When Norman was nine she was given a radio for her birthday and soon discovered the world of opera through the weekly broadcasts of the Metropolitan Opera, which she listened to every Saturday. She started listening to recordings of Marian Anderson and Leontyne Price, both of whom Norman credited as inspiring figures in her career. She received her first formal vocal coaching from Rosa Harris Sanders Creque, who was her music teacher at A. R. Johnson Junior High School. She continued to take voice lessons privately with Ms. Sanders Creque while attending Lucy C. Laney Senior High School in downtown Augusta. (Note: She took voice lessons from her teacher and mentor Rosa Harris Sanders who recognized early on that Jessye's voice was special. It was Mrs. Sanders who arranged her audition at Howard University which secured her a scholarship. When Norman's father died, the family wanted her to leave school and come home. Mrs. Sanders arranged for a benefit concert in Augusta so Norman could stay in school.)

Norman studied at the Interlochen Center for the Arts in Northern Michigan in the opera performance program. At the age of 16, she entered the Marian Anderson Vocal Competition in Philadelphia which, although she did not win, led to an offer of a full scholarship at Howard University, in Washington, D.C. While at Howard, studying voice with Carolyn Grant, she sang in the university chorus and as a soloist at the Lincoln Temple United Church of Christ.

In 1964, she became a member of Gamma Sigma Sigma and served as president of the Alpha Eta chapter.

In 1965, along with 33 other female students and four female faculty, Norman became a founding member of the Delta Nu chapter of Sigma Alpha Iota music fraternity. In 1966, she won the National Society of Arts and Letters singing competition. After graduating in 1967 with a degree in music, she began graduate studies at the Peabody Conservatory in Baltimore and later at the University of Michigan School of Music, Theatre & Dance in Ann Arbor, Michigan, from which she earned a master's degree in 1968. During this time, Norman studied voice with Elizabeth Mannion and Pierre Bernac.
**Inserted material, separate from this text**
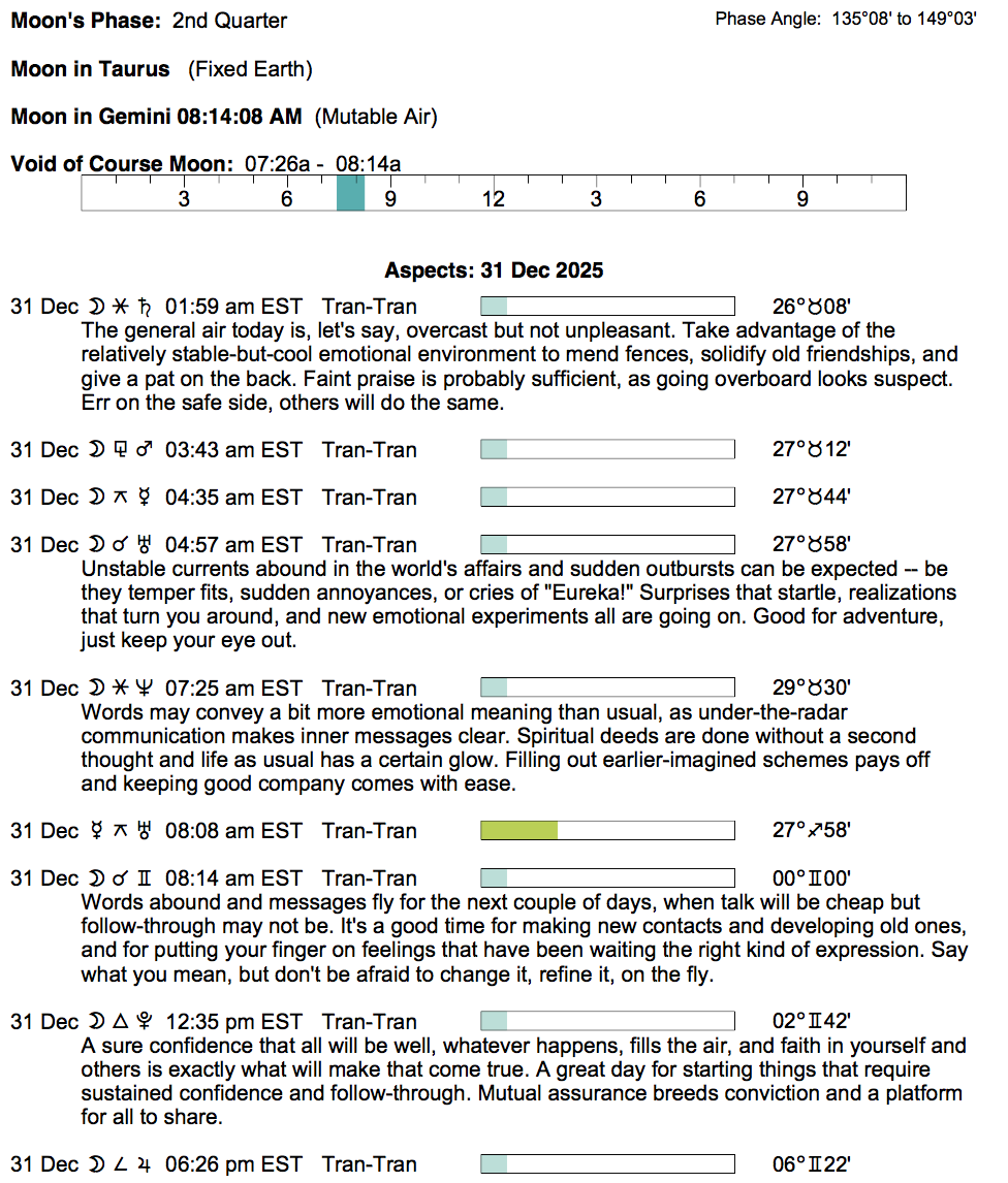 If you’re astrologically inclined and interested in the details of the Astrology of today, here are some of the factors considered in the forecasts:

=== Early career (1968–1979) ===
After graduating, Norman, like many American young musicians at the time, moved to Europe to establish herself. In 1968, she won the ARD International Music Competition in Munich. The following year, she began a three-year contract with the Deutsche Oper Berlin, where she first appeared as Elisabeth in Wagner's Tannhäuser.

Norman performed as a guest with German and Italian opera companies, often portraying noble characters convincingly, both by appearance and by unique voice which was both flexible and powerful. Her voice range was wide, from contralto registers to dramatic soprano. In 1970, she appeared in Florence in the title role in Handel's Deborah. In 1971, she sang at the Maggio Musicale Fiorentino in the role of Sélika in Meyerbeer's L'Africaine. The same year, she portrayed Countess Almaviva in Mozart's Le nozze di Figaro, alongside Dietrich Fischer-Dieskau as the count at the Berlin Festival, and recorded the role with the BBC Orchestra conducted by Colin Davis. The recording was a finalist for the Montreux International Record Award competition and exposed her to music listeners in Europe and the United States.
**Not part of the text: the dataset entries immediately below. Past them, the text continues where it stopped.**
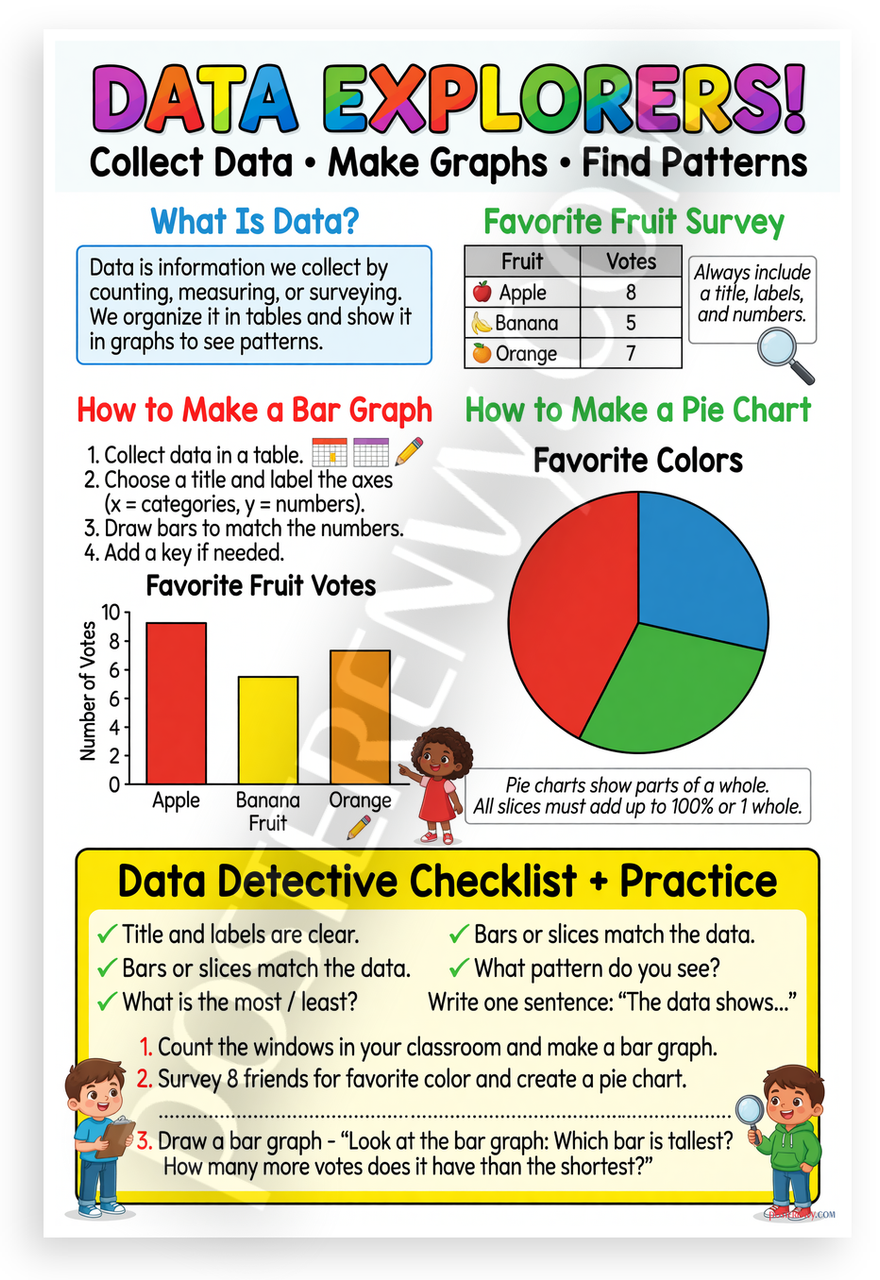 - Engaging Math Lesson: Bright cartoon-style poster with bar graphs pie charts tables and checklists teaches data collection graphing and pattern analysis ideal for 2nd grade classrooms homeschool study areas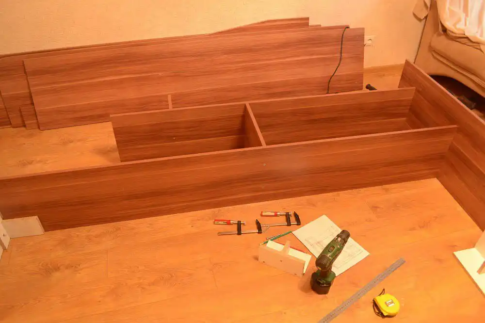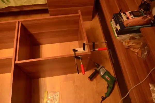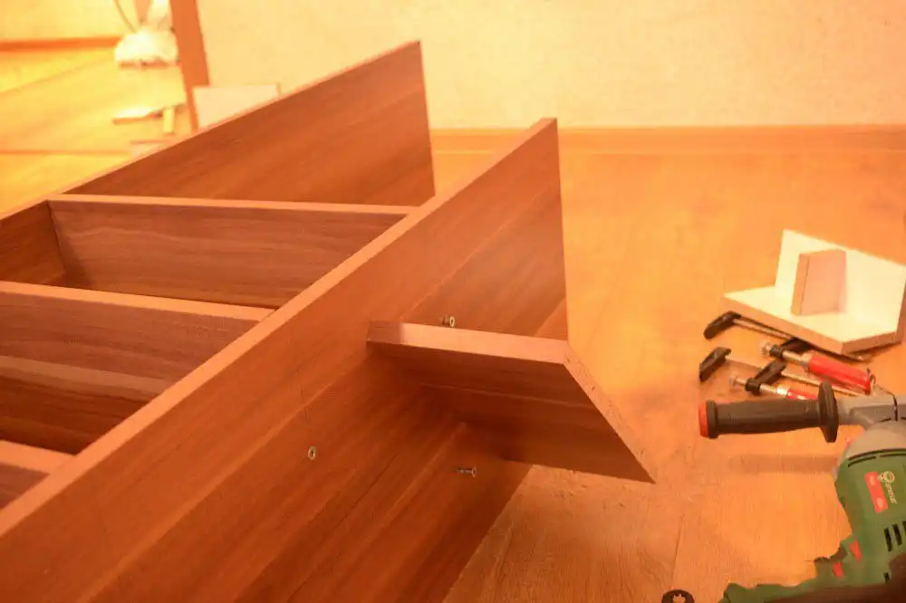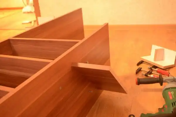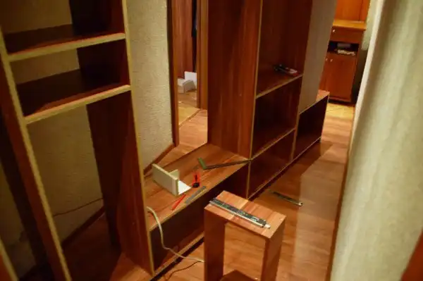 Перетаскал всё в зал, что бы собирать шкаф лёжа.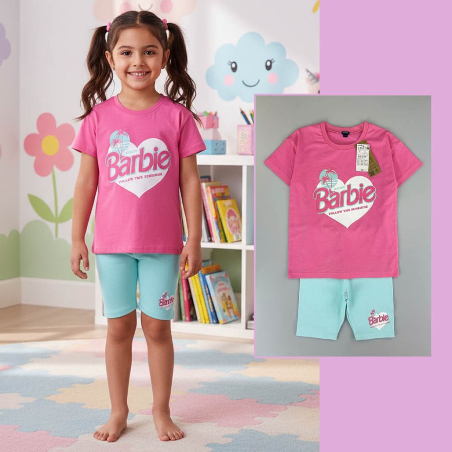 بجامة باربي زهري وازرق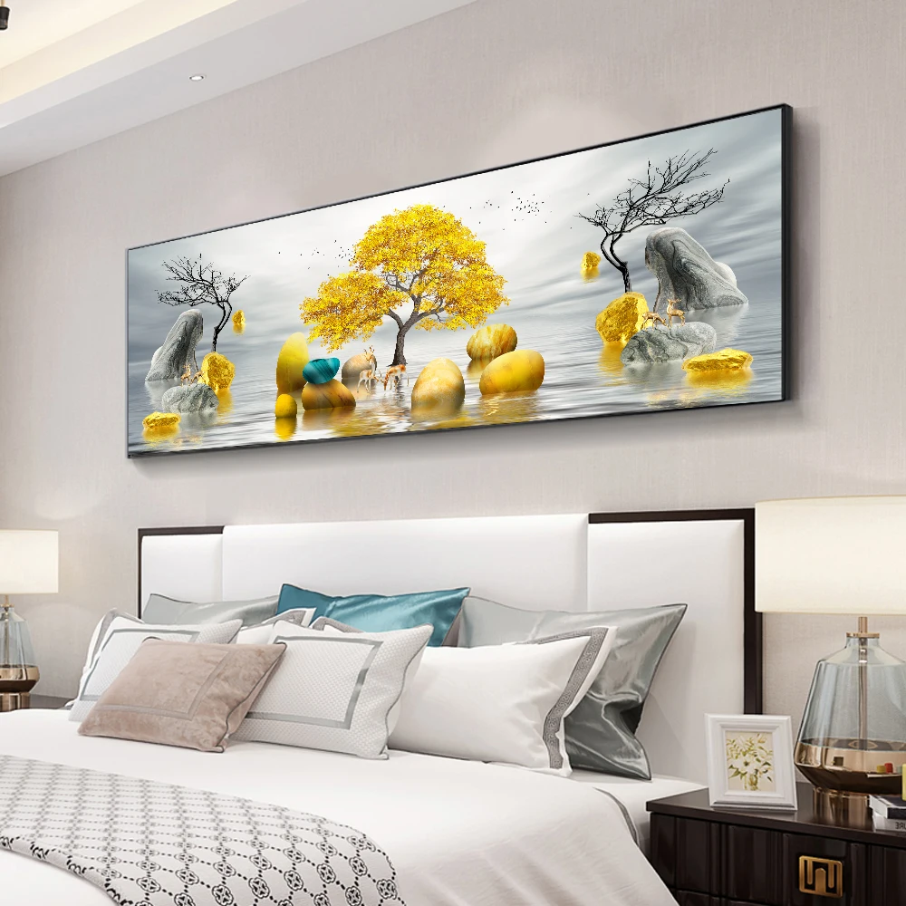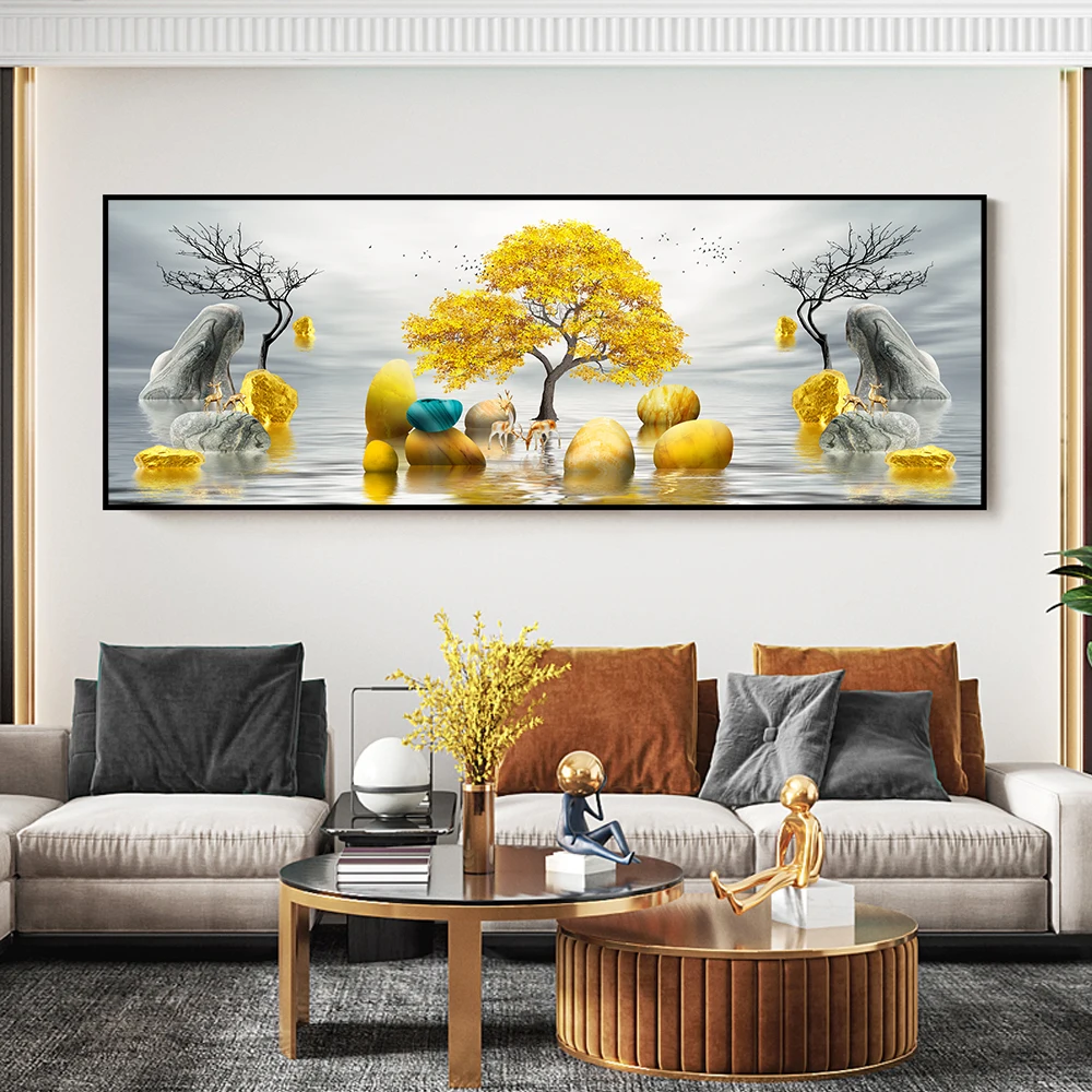 Счастливый Золотой олень, картины на холсте, китайский ландшафт, Настенная картина для гостиной, Настенный декор

In 1972, Norman made her first appearance at La Scala, where she sang the title role in Verdi's Aida and at The Royal Opera at Covent Garden, London, where she appeared as Cassandra in Les Troyens by Berlioz. Norman was Aida again in a concert version that same year in her first well-publicized American performance at the Hollywood Bowl for the venue's 50th anniversary celebration. This was followed by an all-Wagner concert at the Tanglewood Music Festival in Lenox, Massachusetts, and a recital tour of the country, after which she returned to Europe for several engagements. Norman briefly returned to the United States to give her first New York City recital as part of the "Great Performers" series in Alice Tully Hall at Lincoln Center for the Performing Arts in 1973.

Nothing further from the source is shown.